INFO: Log the detailed steps running inside my software. For example, when an interface method is called, a SYSTEM log message is written as mentioned above, and the entire calling routine into the internal modules within the interface method will be recorded with INFO messages. The idea behind is these messages could help us identify the detailed call stack for trouble-shooting or debugging. This is the source of the use-up-disk-space issue: There are always SO MANY INFO messages when the software is running normally.
My tries and thoughts
1). I tried to not record any INFO log messages. This resolves the disk space issue but I also lose a lot of information for debugging. Think about this: My customer is in a different city and it's expensive to go there often. Besides, they use an intranet that is 100% inaccessible from outside. Therefore: we can't always send engineers on-site as soon as they meet problems; we can't start a remote debug session. Thus log files, I think, are the only way we could make use to figure out the root of the trouble.
2). Maybe I could make the logging strategy configurable at run-time(currently it's before the software runs), that is: At normal run-time, the software only records SYSTEM and ERROR logs; when a problem arises, somebody could change the logging configuration so the INFO messages could be logged. But still: Who could change the configuration at run-time? Maybe we should educate the software admin?

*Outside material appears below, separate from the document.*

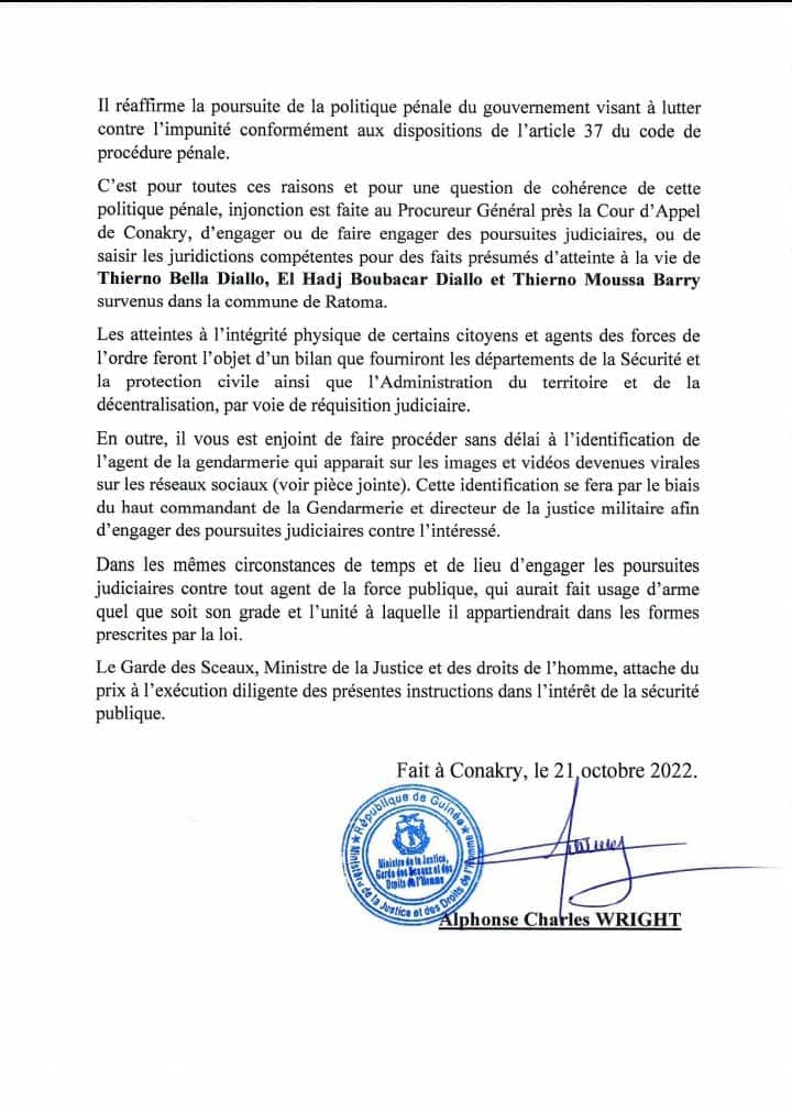 L’article Manifs du FNDC. Le ministre de la Justice reconnait les pertes en vies humaines et ordonne les poursuites… est apparu en premier sur Guinee7.com.

3). Maybe I could always turn the INFO message logging on but pack the log files into a compressed package periodically? Hmm...
Finally...
What is your experience in your projects/work? Any thoughts/ideas/comments are welcome!
EDIT
THANKS for all your effort!!! Here is a summary of the key points from all the replies below(and I'll give them a try):
1). Do not use large log files. Use relatively small ones.

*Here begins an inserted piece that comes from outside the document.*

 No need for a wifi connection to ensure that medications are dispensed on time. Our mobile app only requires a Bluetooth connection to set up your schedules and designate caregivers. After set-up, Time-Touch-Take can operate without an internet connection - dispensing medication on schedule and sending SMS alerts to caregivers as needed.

2). Deal with the oldest ones periodically(Either delete them or zip and put them to a larger storage).
3). Implement run-time configurable logging strategy.
There are two important things to take note of:
Extremely large files are unwieldy. They are hard to transmit, hard to investigate, ...
Log files are mostly text, and text is compressible
In my experience, a simple way to deal with this is:
Only write small files: start a new file for a new session or when the current file grows past a preset limit (I have found 50 MB to be quite effective). To help locate the file in which the logs have been written, make the date and time of creation part of the file name.
Compress the logs, either offline (once the file is finished) or online (on the fly).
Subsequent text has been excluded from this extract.